## EXERCISE DETAILS
From the first line to the last, give the material again exactly, without the images.

## THE DATA
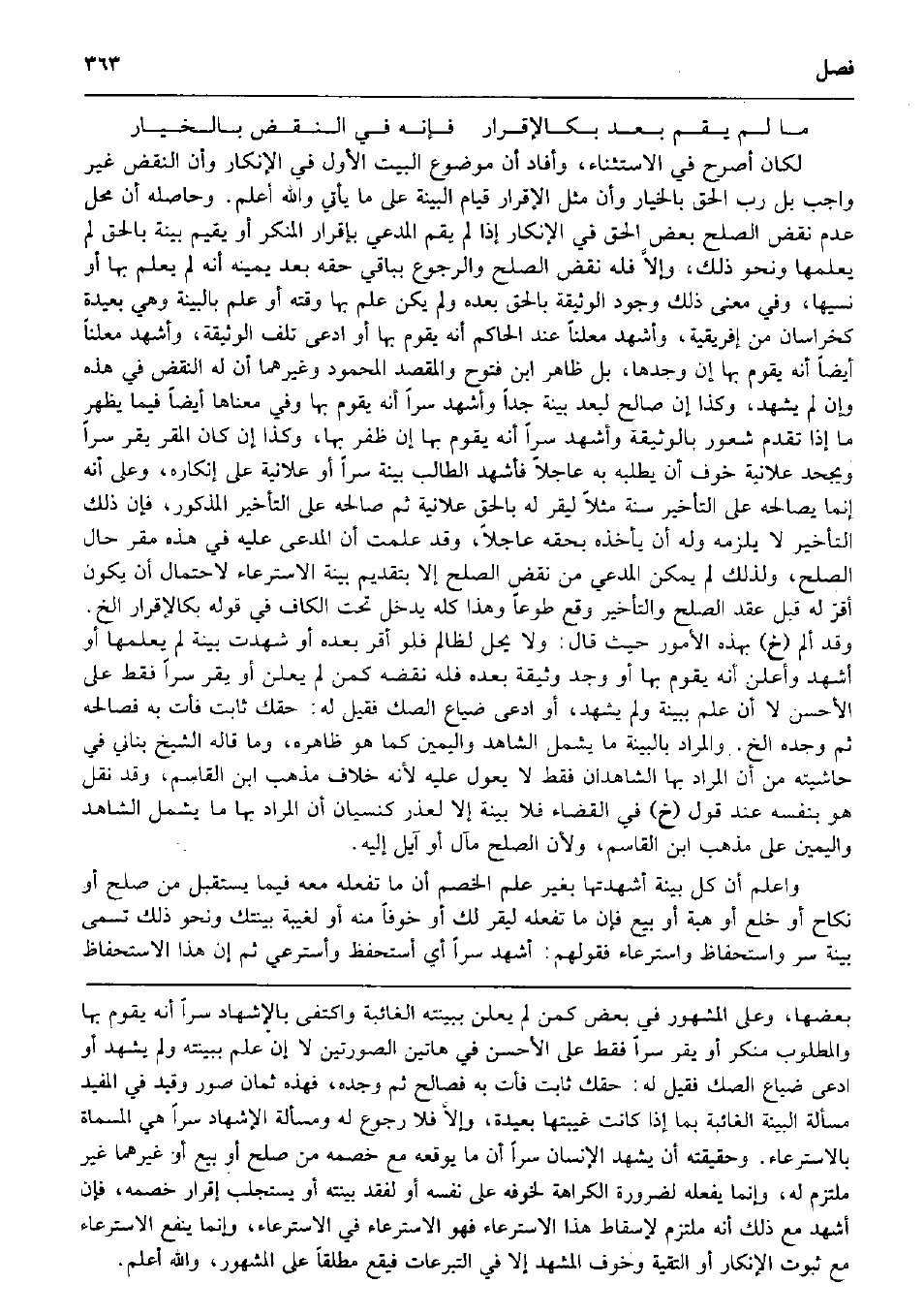 فَإِنَّهُ فِي النَّقْض بِالْخِيَارِ لَكَانَ أصرح فِي الِاسْتِثْنَاء، وَأفَاد أَن مَوْضُوع الْبَيْت الأول فِي الْإِنْكَار وَأَن النَّقْض غير وَاجِب بل رب الْحق بِالْخِيَارِ وَأَن مثل الْإِقْرَار قيام الْبَيِّنَة على مَا يَأْتِي وَالله أعلم. وَحَاصِله أَن مَحل عدم نقض الصُّلْح بعض الْحق فِي الْإِنْكَار إِذا لم يقم الْمُدَّعِي بِإِقْرَار الْمُنكر أَو يُقيم بَيِّنَة بِالْحَقِّ لم يعلمهَا وَنَحْو ذَلِك، وإلاَّ فَلهُ نقض الصُّلْح وَالرُّجُوع بباقي حَقه بعد يَمِينه أَنه لم يعلم بهَا أَو نَسِيَهَا، وَفِي معنى ذَلِك وجود الْوَثِيقَة بِالْحَقِّ بعده وَلم يكن علم بهَا وقته أَو علم بِالْبَيِّنَةِ وَهِي بعيدَة كخراسان من إفريقية، وَأشْهد مُعْلنا عِنْد الْحَاكِم أَنه يقوم بهَا أَو ادّعى تلف الْوَثِيقَة، وَأشْهد مُعْلنا أَيْضا أَنه يقوم بهَا إِن وجدهَا، بل ظَاهر ابْن فتوح والمقصد الْمَحْمُود وَغَيرهمَا أَن لَهُ النَّقْض فِي هَذِه وَإِن لم يشْهد، وَكَذَا إِن صَالح لبعد بَيِّنَة جدا وَأشْهد سرا أَنه يقوم بهَا وَفِي مَعْنَاهَا أَيْضا فِيمَا يظْهر مَا إِذا تقدم شُعُور بالوثيقة وَأشْهد سرا أَنه يقوم بهَا إِن ظفر بهَا، وَكَذَا إِن كَانَ الْمقر يقر سرا ويجحد عَلَانيَة خوف أَن يَطْلُبهُ بِهِ عَاجلا فَأشْهد الطَّالِب بَيِّنَة سرا أَو عَلَانيَة على إِنْكَاره، وعَلى أَنه إِنَّمَا يصالحه على التَّأْخِير سنة مثلا لِيُقِر لَهُ بِالْحَقِّ عَلَانيَة ثمَّ صَالحه على التَّأْخِير الْمَذْكُور، فَإِن ذَلِك التَّأْخِير لَا يلْزمه وَله أَن يَأْخُذهُ بِحقِّهِ عَاجلا، وَقد علمت أَن الْمُدعى عَلَيْهِ فِي هَذِه مقرّ حَال الصُّلْح، وَلذَلِك لم يُمكن الْمُدَّعِي من نقض الصُّلْح إِلَّا بِتَقْدِيم بَيِّنَة الاسترعاء لاحْتِمَال أَن يكون أقرّ لَهُ قبل عقد الصُّلْح وَالتَّأْخِير وَقع طَوْعًا وَهَذَا كُله يدْخل تَحت الْكَاف فِي قَوْله بكالإقرار الخ. وَقد ألم (خَ) بِهَذِهِ الْأُمُور حَيْثُ قَالَ: وَلَا يحل لظَالِم فَلَو أقرّ بعده أَو شهِدت بَيِّنَة لم يعلمهَا أَو أشهد وأعلن أَنه يقوم بهَا أَو وجد وَثِيقَة بعده فَلهُ نقضه كمن لم يعلن أَو يقر سرا فَقَط على الْأَحْسَن لَا أَن علم بِبَيِّنَة وَلم يشْهد، أَو ادّعى ضيَاع الصَّك فَقيل لَهُ: حَقك ثَابت فأت بِهِ فَصَالحه ثمَّ وجده الخ. وَالْمرَاد بِالْبَيِّنَةِ مَا يَشْمَل الشَّاهِد وَالْيَمِين كَمَا هُوَ ظَاهره، وَمَا قَالَه الشَّيْخ بناني فِي حَاشِيَته من أَن المُرَاد بهَا الشَّاهِدَانِ فَقَط لَا يعول عَلَيْهِ لِأَنَّهُ خلاف مَذْهَب ابْن الْقَاسِم، وَقد نقل هُوَ بِنَفسِهِ عِنْد قَول (خَ) فِي الْقَضَاء فَلَا بَيِّنَة إِلَّا لعذر كنسيان أَن المُرَاد بهَا مَا يَشْمَل الشَّاهِد وَالْيَمِين على مَذْهَب ابْن الْقَاسِم، وَلِأَن الصُّلْح مآل أَو آيل إِلَيْهِ. وَاعْلَم أَن كل بَيِّنَة أشهدتها بِغَيْر علم الْخصم أَن مَا تَفْعَلهُ مَعَه فِيمَا يسْتَقْبل من صلح أَو نِكَاح أَو خلع أَو هبة أَو بيع فَإِن مَا تَفْعَلهُ لِيُقِر لَك أَو خوفًا مِنْهُ أَو لغيبة بينتك وَنَحْو ذَلِك تسمى بَيِّنَة سر واستحفاظ واسترعاء فَقَوْلهم: أشهد سرا أَي أستحفظ وأسترعي ثمَّ إِن هَذَا الاستحفاظ
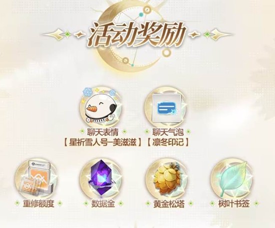 参与活动可以获得包括聊天表情【星祈雪人号-美滋滋】、聊天气泡【凛冬印记】、重修额度、数据金、黄金松塔和树叶书签在内的多种奖励。
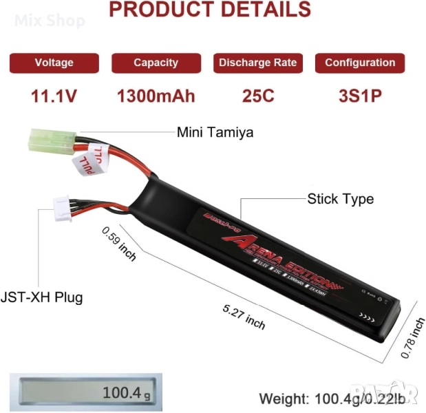 еърсофт е изработена от висококачествени Lipo клетки и има наистина добра скорострелност, 25C високоразрядна Lipo батерия за еърсофт, която ще ви осигури повишена скорострелност и бързо време за реакция на спусъка.

## EXERCISE RESULT
 فَإِنَّهُ فِي النَّقْض بِالْخِيَارِ لَكَانَ أصرح فِي الِاسْتِثْنَاء، وَأفَاد أَن مَوْضُوع الْبَيْت الأول فِي الْإِنْكَار وَأَن النَّقْض غير وَاجِب بل رب الْحق بِالْخِيَارِ وَأَن مثل الْإِقْرَار قيام الْبَيِّنَة على مَا يَأْتِي وَالله أعلم. وَحَاصِله أَن مَحل عدم نقض الصُّلْح بعض الْحق فِي الْإِنْكَار إِذا لم يقم الْمُدَّعِي بِإِقْرَار الْمُنكر أَو يُقيم بَيِّنَة بِالْحَقِّ لم يعلمهَا وَنَحْو ذَلِك، وإلاَّ فَلهُ نقض الصُّلْح وَالرُّجُوع بباقي حَقه بعد يَمِينه أَنه لم يعلم بهَا أَو نَسِيَهَا، وَفِي معنى ذَلِك وجود الْوَثِيقَة بِالْحَقِّ بعده وَلم يكن علم بهَا وقته أَو علم بِالْبَيِّنَةِ وَهِي بعيدَة كخراسان من إفريقية، وَأشْهد مُعْلنا عِنْد الْحَاكِم أَنه يقوم بهَا أَو ادّعى تلف الْوَثِيقَة، وَأشْهد مُعْلنا أَيْضا أَنه يقوم بهَا إِن وجدهَا، بل ظَاهر ابْن فتوح والمقصد الْمَحْمُود وَغَيرهمَا أَن لَهُ النَّقْض فِي هَذِه وَإِن لم يشْهد، وَكَذَا إِن صَالح لبعد بَيِّنَة جدا وَأشْهد سرا أَنه يقوم بهَا وَفِي مَعْنَاهَا أَيْضا فِيمَا يظْهر مَا إِذا تقدم شُعُور بالوثيقة وَأشْهد سرا أَنه يقوم بهَا إِن ظفر بهَا، وَكَذَا إِن كَانَ الْمقر يقر سرا ويجحد عَلَانيَة خوف أَن يَطْلُبهُ بِهِ عَاجلا فَأشْهد الطَّالِب بَيِّنَة سرا أَو عَلَانيَة على إِنْكَاره، وعَلى أَنه إِنَّمَا يصالحه على التَّأْخِير سنة مثلا لِيُقِر لَهُ بِالْحَقِّ عَلَانيَة ثمَّ صَالحه على التَّأْخِير الْمَذْكُور، فَإِن ذَلِك التَّأْخِير لَا يلْزمه وَله أَن يَأْخُذهُ بِحقِّهِ عَاجلا، وَقد علمت أَن الْمُدعى عَلَيْهِ فِي هَذِه مقرّ حَال الصُّلْح، وَلذَلِك لم يُمكن الْمُدَّعِي من نقض الصُّلْح إِلَّا بِتَقْدِيم بَيِّنَة الاسترعاء لاحْتِمَال أَن يكون أقرّ لَهُ قبل عقد الصُّلْح وَالتَّأْخِير وَقع طَوْعًا وَهَذَا كُله يدْخل تَحت الْكَاف فِي قَوْله بكالإقرار الخ. وَقد ألم (خَ) بِهَذِهِ الْأُمُور حَيْثُ قَالَ: وَلَا يحل لظَالِم فَلَو أقرّ بعده أَو شهِدت بَيِّنَة لم يعلمهَا أَو أشهد وأعلن أَنه يقوم بهَا أَو وجد وَثِيقَة بعده فَلهُ نقضه كمن لم يعلن أَو يقر سرا فَقَط على الْأَحْسَن لَا أَن علم بِبَيِّنَة وَلم يشْهد، أَو ادّعى ضيَاع الصَّك فَقيل لَهُ: حَقك ثَابت فأت بِهِ فَصَالحه ثمَّ وجده الخ. وَالْمرَاد بِالْبَيِّنَةِ مَا يَشْمَل الشَّاهِد وَالْيَمِين كَمَا هُوَ ظَاهره، وَمَا قَالَه الشَّيْخ بناني فِي حَاشِيَته من أَن المُرَاد بهَا الشَّاهِدَانِ فَقَط لَا يعول عَلَيْهِ لِأَنَّهُ خلاف مَذْهَب ابْن الْقَاسِم، وَقد نقل هُوَ بِنَفسِهِ عِنْد قَول (خَ) فِي الْقَضَاء فَلَا بَيِّنَة إِلَّا لعذر كنسيان أَن المُرَاد بهَا مَا يَشْمَل الشَّاهِد وَالْيَمِين على مَذْهَب ابْن الْقَاسِم، وَلِأَن الصُّلْح مآل أَو آيل إِلَيْهِ. وَاعْلَم أَن كل بَيِّنَة أشهدتها بِغَيْر علم الْخصم أَن مَا تَفْعَلهُ مَعَه فِيمَا يسْتَقْبل من صلح أَو نِكَاح أَو خلع أَو هبة أَو بيع فَإِن مَا تَفْعَلهُ لِيُقِر لَك أَو خوفًا مِنْهُ أَو لغيبة بينتك وَنَحْو ذَلِك تسمى بَيِّنَة سر واستحفاظ واسترعاء فَقَوْلهم: أشهد سرا أَي أستحفظ وأسترعي ثمَّ إِن هَذَا الاستحفاظ
 参与活动可以获得包括聊天表情【星祈雪人号-美滋滋】、聊天气泡【凛冬印记】、重修额度、数据金、黄金松塔和树叶书签在内的多种奖励。
 еърсофт е изработена от висококачествени Lipo клетки и има наистина добра скорострелност, 25C високоразрядна Lipo батерия за еърсофт, която ще ви осигури повишена скорострелност и бързо време за реакция на спусъка.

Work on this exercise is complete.